After finishing a recording in Seattle, Laurie and I started north on Interstate 5. Traffic was moving along at its usual 78 mph in a 65 mph zone without a single patrolman to be seen anywhere because they are all looking for terrorists that are supposedly waiting in the ferry boat lines.
We managed to get out of downtown Seattle a little after 2 p.m. and stopped briefly in Marysville for a sandwich. We had figured that if we could get in the ferryboat line by 3:30 p.m. we would have a good place on the 6:25 p.m. ferry. We stopped briefly at the Swinomish Reservation to fill up on gasoline because it was a dollar per gallon cheaper then on the island.
Fifteen minutes later we put our credit card out for a book of ferry tickets and discovered that the 6:25 p.m. boat was already full and the next one we could get on was at 8:50 p.m. We had two options.
1. Drive back into Anacortes and have a leisurely dinner and take our chances at snagging a place in line that would let us get on the 8:50 p.m. ferry that would get us to our island at 10:25 p.m..
2. Or sit in line for the next five and a half hours, or so we thought.
As we sat there we watched some of the other people who were waiting, throwing Frisbees and walking dogs. A few carloads were eating large picnic baskets full of sandwiches and other good deli stuff. I tried to doze off but the car alongside of us was having a tailgate party.
As I watched the sun slowly move along behind a stand of large trees we walked down to the snack shop in the ferryboat building. Laurie opted for her usual Starbucks coffee and I went for one of their great chocolate chip cookie, ice cream sandwiches.
By now it was 7:30 p.m. and the 6:25 p.m. ferry could finally be seen off in the distance headed in.
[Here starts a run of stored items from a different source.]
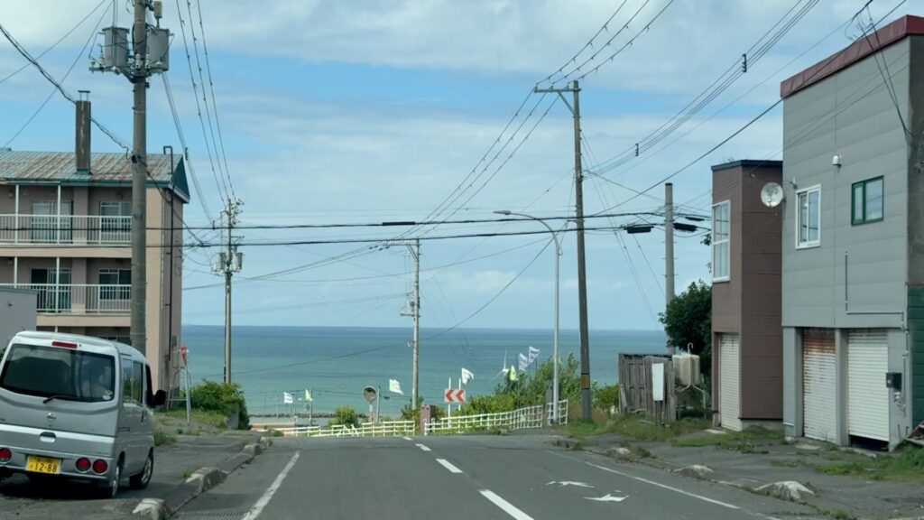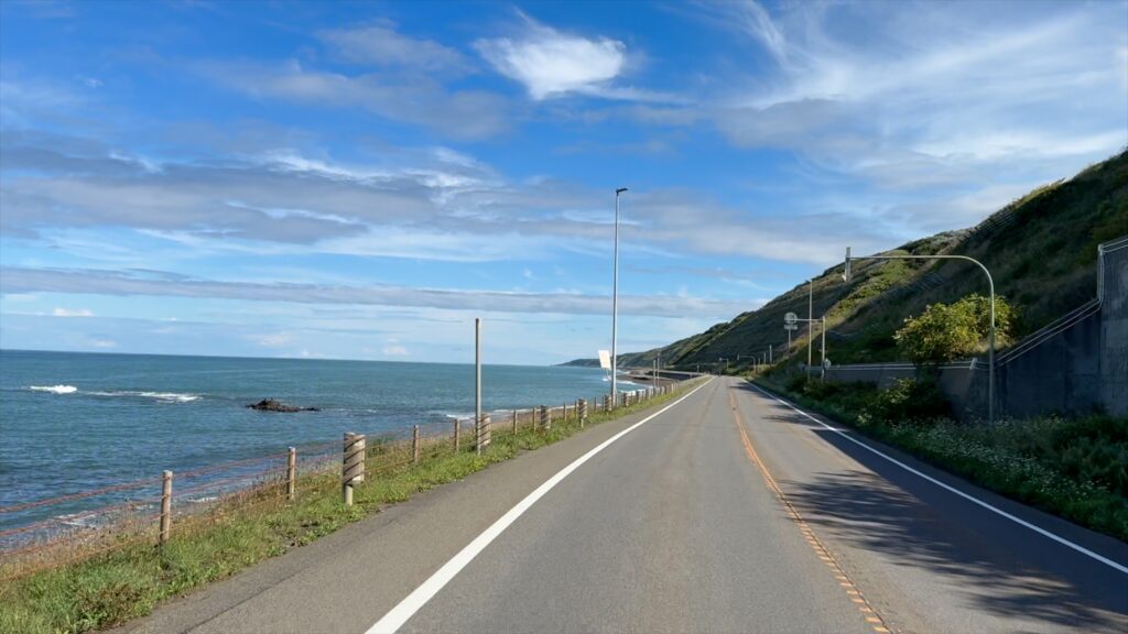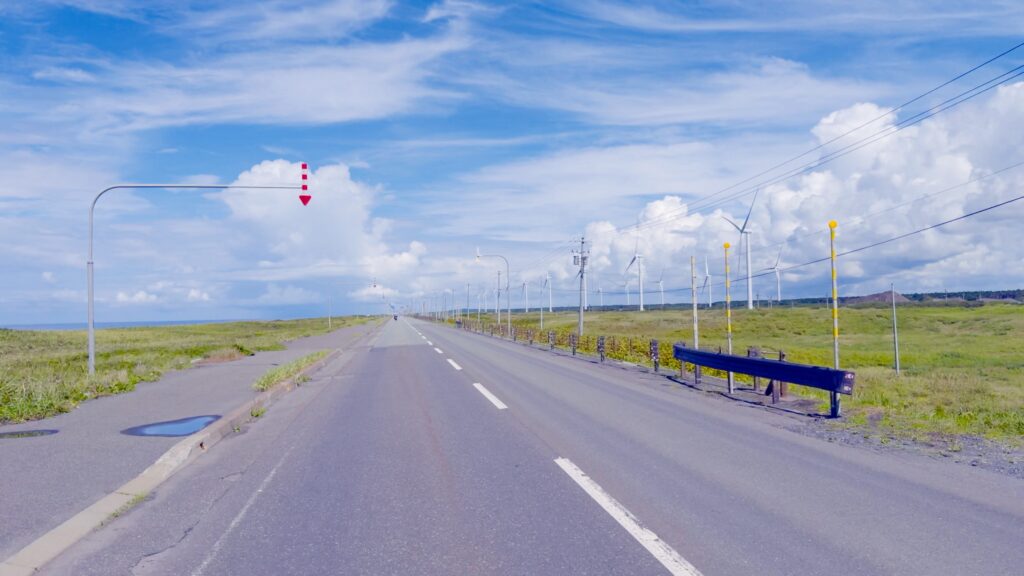 左手に海、右手に牧草地と風車が広がる、まさに“北海道らしさ”満点の道です。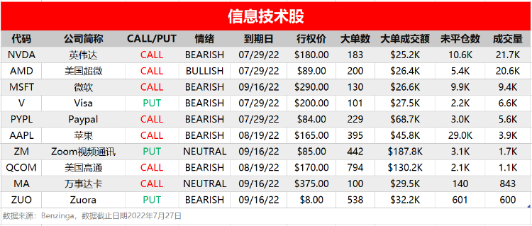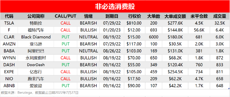 周三(7月27日),非必选消费、信息技术和通信服务板块相关个股出现较多活跃单,按照当日成交量排行,榜单TOP10分别如下:
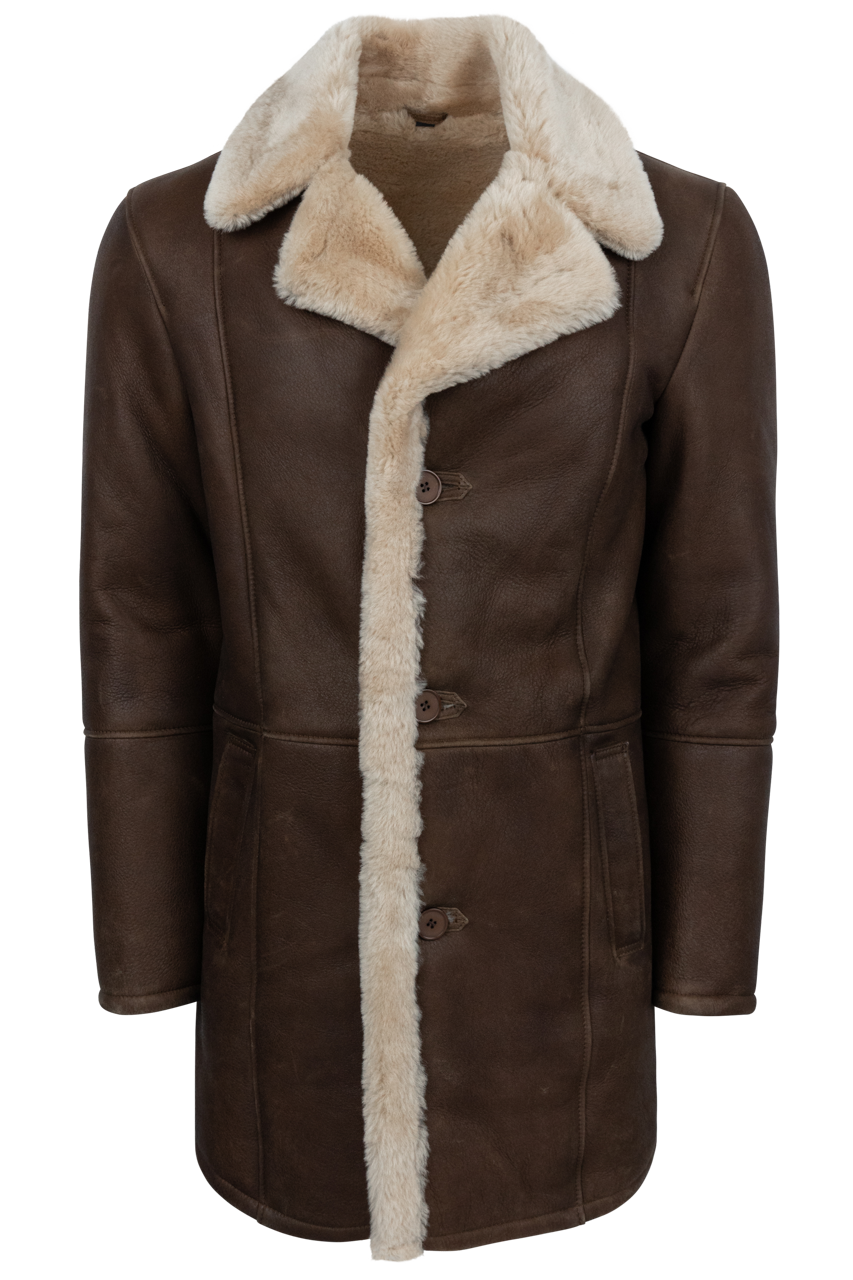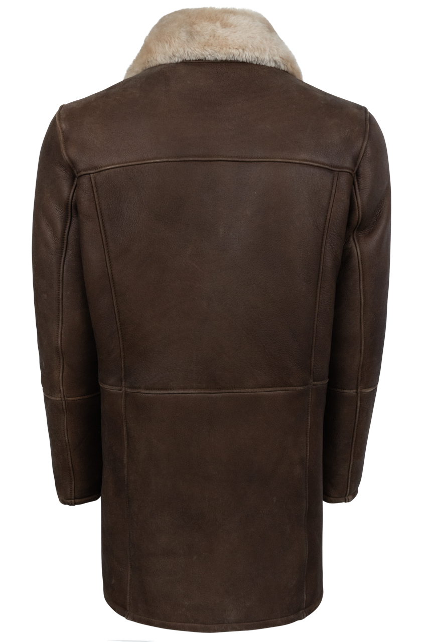 Pinto Ranch Smooth Leather Shearling Coat - Dark Brown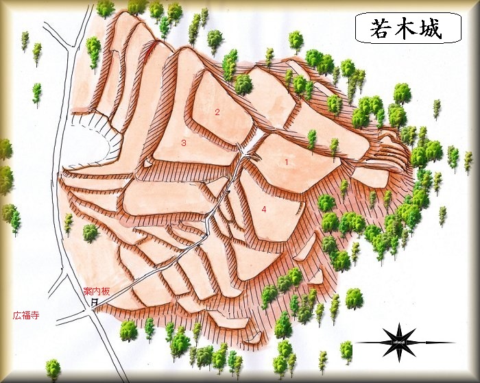 また、若木の集落の中に広福寺という立派な寺院があるので、これを目指して行ってもいい。道路を挟んで寺院の東側に城址はそびえている。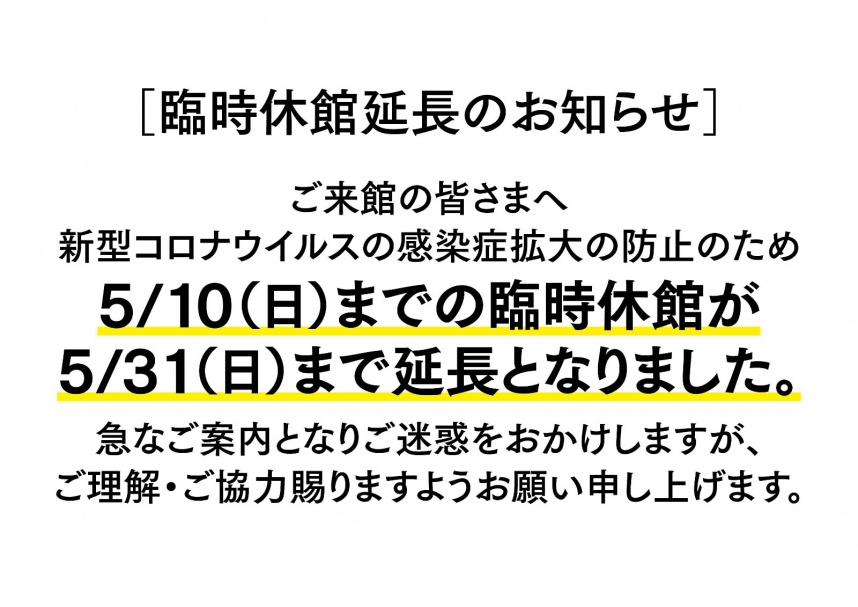 2020年04月30日(木) お知らせ 臨時休館延長のお知らせ 臨時休館延長のお知らせ 新型コロナウイルスの感染症拡大の防止のため5/10(日)までの臨時休館が5/31(日)まで延長となりました。 急なご案内となりご迷惑をおかけしますが、ご理解・ご協力賜りますようお願い申し上げます。

As it turned out, our 8:50 p.m. left at 10 p.m. and we made it home at about midnight. That would not be too bad, only 10 hours for what should have been three and a half to four hours. I can drive from Seattle to our home in Big Sky, Mont., in only two hours more than this 90-mile drive took. Amazing, but that is what a Friday night is like here!
I don’t want to slam the ferryboat system, but when I checked three years ago or so it was reported that they had more than 300 people in the administrative offices to handle 22 ferryboats. I wonder if they laid off too many executives and that is the reason for the ferries always being late.
There was a rumor that the ferryboat executives had hired a $75,000 consultant to tell them why the ferries were late so often. After 34 different ferryboat trips the consultant suggested that they publish new schedules and the ferries would always be on time. No other corrections were necessary.
Living here on the island, we live and die by the ferryboat schedule and I hope that they will just keep on rocking and rolling for another 40 years at least. Maybe they could start naming the ferries after successful Seattle people and businesses.
I would like to ride on the new Costco or the Gates Foundation, or the Kirkland for example. Why not? They have named the baseball and football stadiums after companies. Why not a new fleet of ferries?
Could the baseball teams or the football teams have survived if their stadiums had not been paid for the way they were by selling naming rights? Except my wife would fight it … she grew up here and loves the ferries all being named after Native Americans or their tribal locations.
At any rate our 8:50 p.m. ferry finally left at about 10 p.m. and we got home about midnight instead at 4:45 p.m. Even with all this, I’m glad we don’t have a bridge to the island … it would get too crowded!